British troops have been banned from transferring suspected Taliban prisoners over to the Afghan authorities because of claims of torture by local forces, it was revealed yesterday.
The moratorium on passing on any captives to the National Directorate of Security (NDS) throws into disarray a central plank of the UK exit strategy from Helmand, that authority is being transferred to local security services with combat forces due to leave by the end of 2014. The High Court heard allegations yesterday that the NDS operated an underground interrogation chamber near the British headquarters in Lashkar Gah and that "torture was entrenched" in the organisation.
Despite the fact that the British can only hold detainees for 96 hours – or 30 days with ministerial approval – it was revealed that the allegations of torture had led to a complete ban on sending detainees for questioning to the NDS, the prosecuting authority.
The issue was raised as Mr Justice Collins gave leave for two cases to seek a judicial review into the transfer of prisoners as well as the involvement of the NDS in British interrogations.

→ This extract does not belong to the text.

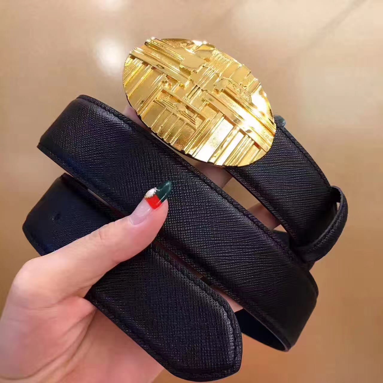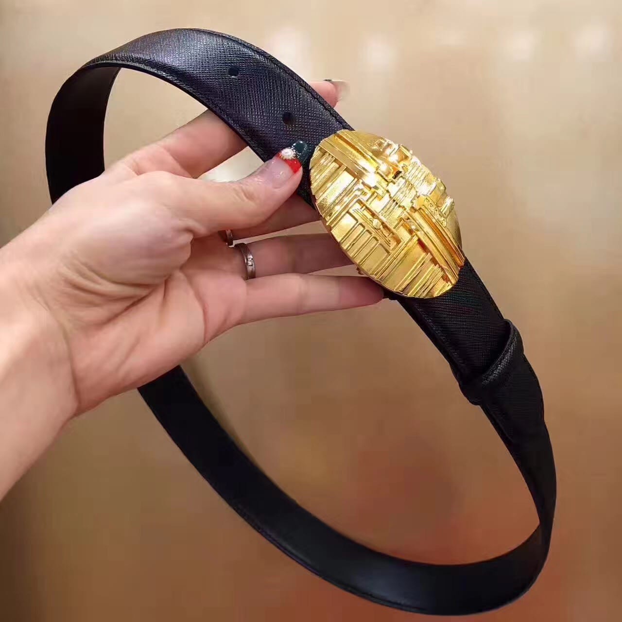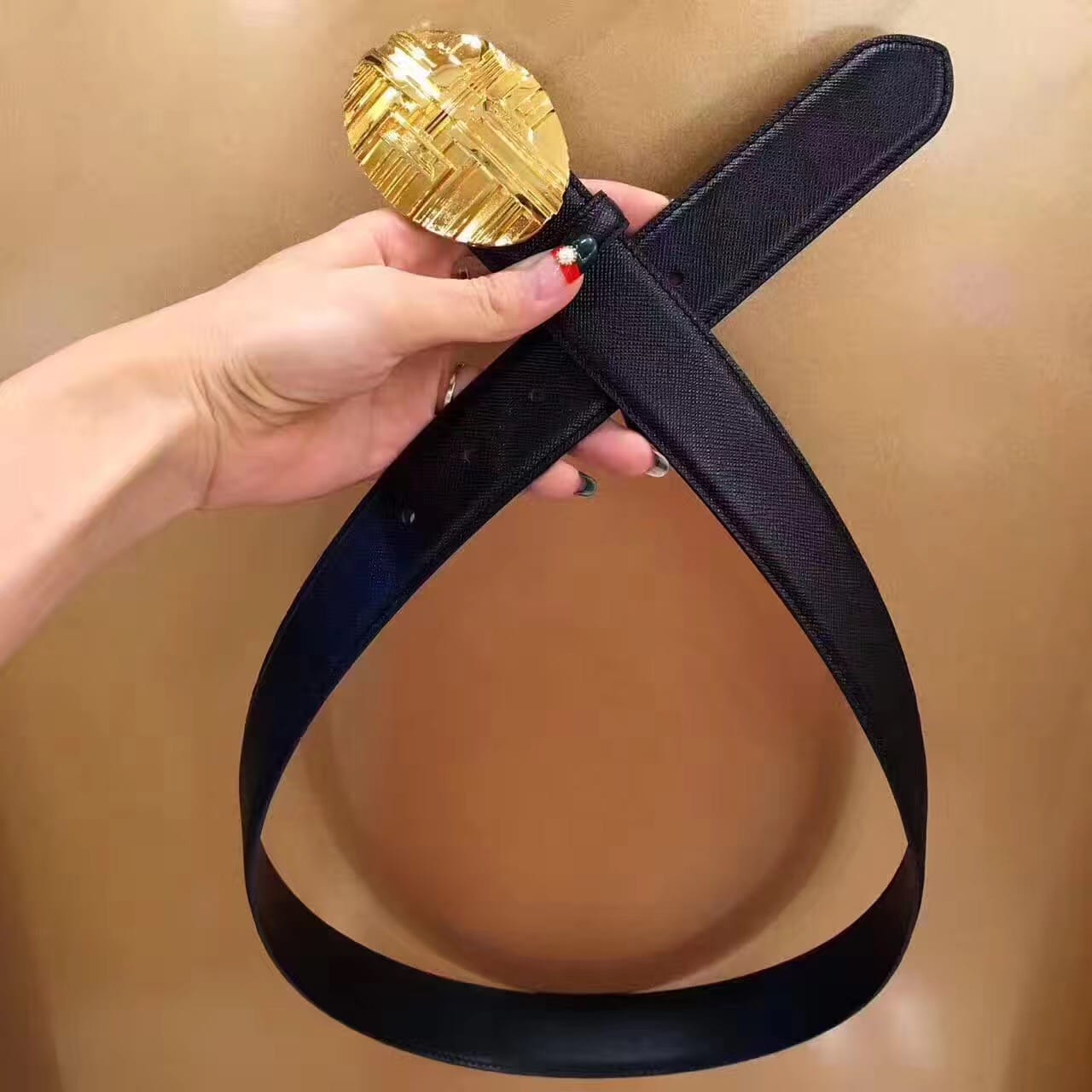 普拉达 金色钢扣搭配头层牛皮十字纹腰带

Highlighting the dilemma faced by the British military, Mr Justice Collins said: "If our troops are attacked by the Taliban insurgents and there is the capture of some rather than being killed, then after 96 hours they have to go free. That is a somewhat worrying situation to say the least." However, he added an equally serious issue was that the UK could not be seen to be complicit in torture or mistreatment. In the first case, a farmer, Serdar Mohamed, claims he was abused after being arrested by the British following a firefight and held for three months.
He was subsequently transferred to the NDS in Lashkar Gah and then on to Kabul where he said he was beaten, hung by handcuffs from bars and hit by guards when he fell asleep until he gave a false confession. He was later convicted in a trial his lawyers say lasted just 15 minutes in a language he did not understand. His 16-year sentence was reduced to six years and he is currently appealing against his conviction.
Yesterday, his barrister, Ben Jaffey, argued that his situation was particularly relevant because his transfer came in 2010 immediately after British courts demanded safeguards for detainees following a case brought by peace activist Maya Evans.
The Divisional Court banned transfers to the NDS in Kabul two years ago after claims of systematic abuse but "hesitantly" allowed prisoners to be sent to its facility in Lashkar Gah, as long as there were safeguards that it would be monitored and captives would not be sent on to Kabul.
A Ministry of Defence spokesman said: "The UK does not transfer detainees to any facility where there is a real risk at the time of transfer that a detainee will suffer torture or serious mistreatment."